What are your thoughts about Section 44ADA? When it evolves around taxes – there is always the question of, “is it mandatory or optional? But, the answer to the above question is that it is completely optional.
This means you will have to choose to adopt it – but if you do choose to adopt it, you need to know that this is entirely beneficial to you. Do you want to know how? In order for you to know that, you have to know everything about Section 44ADA, or should we say a section of presumptive taxation.
What does Section 44ADA Mean?
Did you know that, in order to give relief to small businesses and professional taxpayers from the job of maintaining books and books of accounts and getting books of accounts also audited? CBDT introduced the presumptive taxation scheme under the Budget of 2016 for specific professionals. So, after 2016 – a professional with gross receipts of up to Rs. Fifty lakhs can take advantage of the presumptive taxation under Section 44ADA.

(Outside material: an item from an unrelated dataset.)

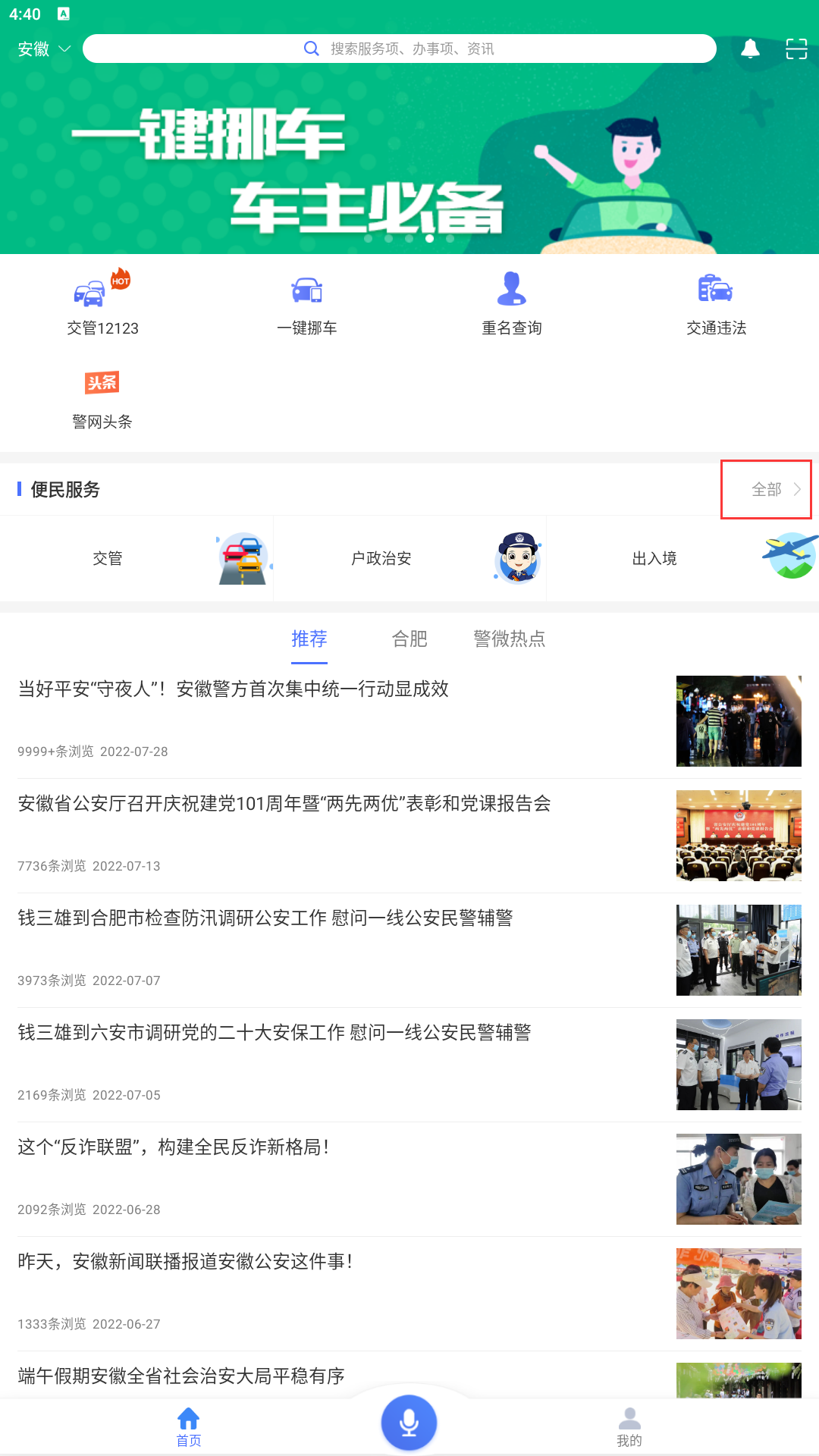 1、点击首页中的便民服务中的全部。

Do you belong to the category that can adopt the Section? Let’s find out.
Who Can Adopt for Section 44ADA?
Are you a resident who pays tax in the following professions? If you are, then you can take advantage of the presumptive taxation scheme under the Income Tax Section 44ADA:
- Technical Consultancy
- Interior Decoration
- Film Artists
- Authorized Representatives
But honestly, why was this scheme launched? It has its own sets of scope and objectives, which you will have to know in order to understand it better.
Objectives of the Scheme
Section 44ADA was introduced with a motive, and here they are:
- Simplifying the tax process for self-employed professionals
- Tax compliance and liability have been reduced.
- Make it easier for self-employed professionals to conduct business.

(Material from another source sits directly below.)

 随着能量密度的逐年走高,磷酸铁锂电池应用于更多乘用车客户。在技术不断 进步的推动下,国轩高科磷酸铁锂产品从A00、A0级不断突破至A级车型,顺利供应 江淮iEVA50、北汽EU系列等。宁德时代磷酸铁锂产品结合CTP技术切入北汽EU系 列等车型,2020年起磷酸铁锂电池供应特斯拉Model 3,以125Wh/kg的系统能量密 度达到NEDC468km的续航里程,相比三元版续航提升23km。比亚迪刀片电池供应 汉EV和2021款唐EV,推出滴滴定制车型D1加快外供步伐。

- To achieve a balance between small enterprises and small professionals.
This means that the assesses is not required to disclose information about their company expenses. They can simply pay tax at 50% of their gross receipts, with the remaining 50% being permissible expenses under the business and profession provisions of the Act, without having to refer to other provisions of the Act.
So, would you adopt it? Suggesting this to you – there are quite a lot of pros if you adopt the scheme, want to know them – just read on.
Perks of Adopting Section 44ADA of the Income Tax Act
- Easy Tax Filing
In comparison to conventional tax filing, the tax filing process for presumptive taxation becomes fairly straightforward. It is exactly due to the fact that there are fewer compliance procedures to follow, and the documentation required is minimal.
- Reduced Compliance
The taxpayer is also not required to keep detailed books of accounts in accordance with section 44AA and to have them audited in accordance with Section 44AB. This alleviates the strain on taxpayers and allows them to concentrate completely on their careers.
- The Choice to Move in and Out of the Scheme with no Restriction
Professionals can opt in and out of this program at any time, with no lock-in or 5-year restrictions, unlike the rules of Section 44AD that apply to businesses.
- Reduced Tax Liability
Professionals typically do not have larger capital expenditures or substantial ongoing expenses to meet their professional obligations. Despite this, Section 44ADA allows them to tax only 50% of their gross receipts, which can significantly cut their tax burden.
But, on the whole concept – have you ever wondered what would be happening if your profit is more than 50%? Don’t wonder anymore – the answer is right here.
If Profits are More than 50%
If your actual income from your profession is greater than 50%, you must, in my opinion, submit a higher percentage of your professional receipts as your professional income because the law does not only mandate a fixed percentage but also allows you to give a higher percentage as your income.
Because you are not required to keep books of accounts, it may be difficult to demonstrate that your actual revenue exceeds 50% of your gross receipts.
Higher income, on the other hand, can be simply established from your investments and personal costs incurred through the banking channel. As a result, people who conduct their significant transactions through the banking channel will be unable to conceal the fact that their actual income exceeds 50% of their gross earnings.
So, before you choose the bare minimum proportion of 50% that you have to contribute as income, consider the total of your investments and personal costs incurred over the year. If the department is able to show it clearly, such hidden money may be taxed as unexplained income at 60%, plus interest and penalties.
Adopting this scheme or not adopting it is entirely up to you, but you need to know that it is not compulsory. But if you do adopt this scheme – it is beneficial to you and your business accounts.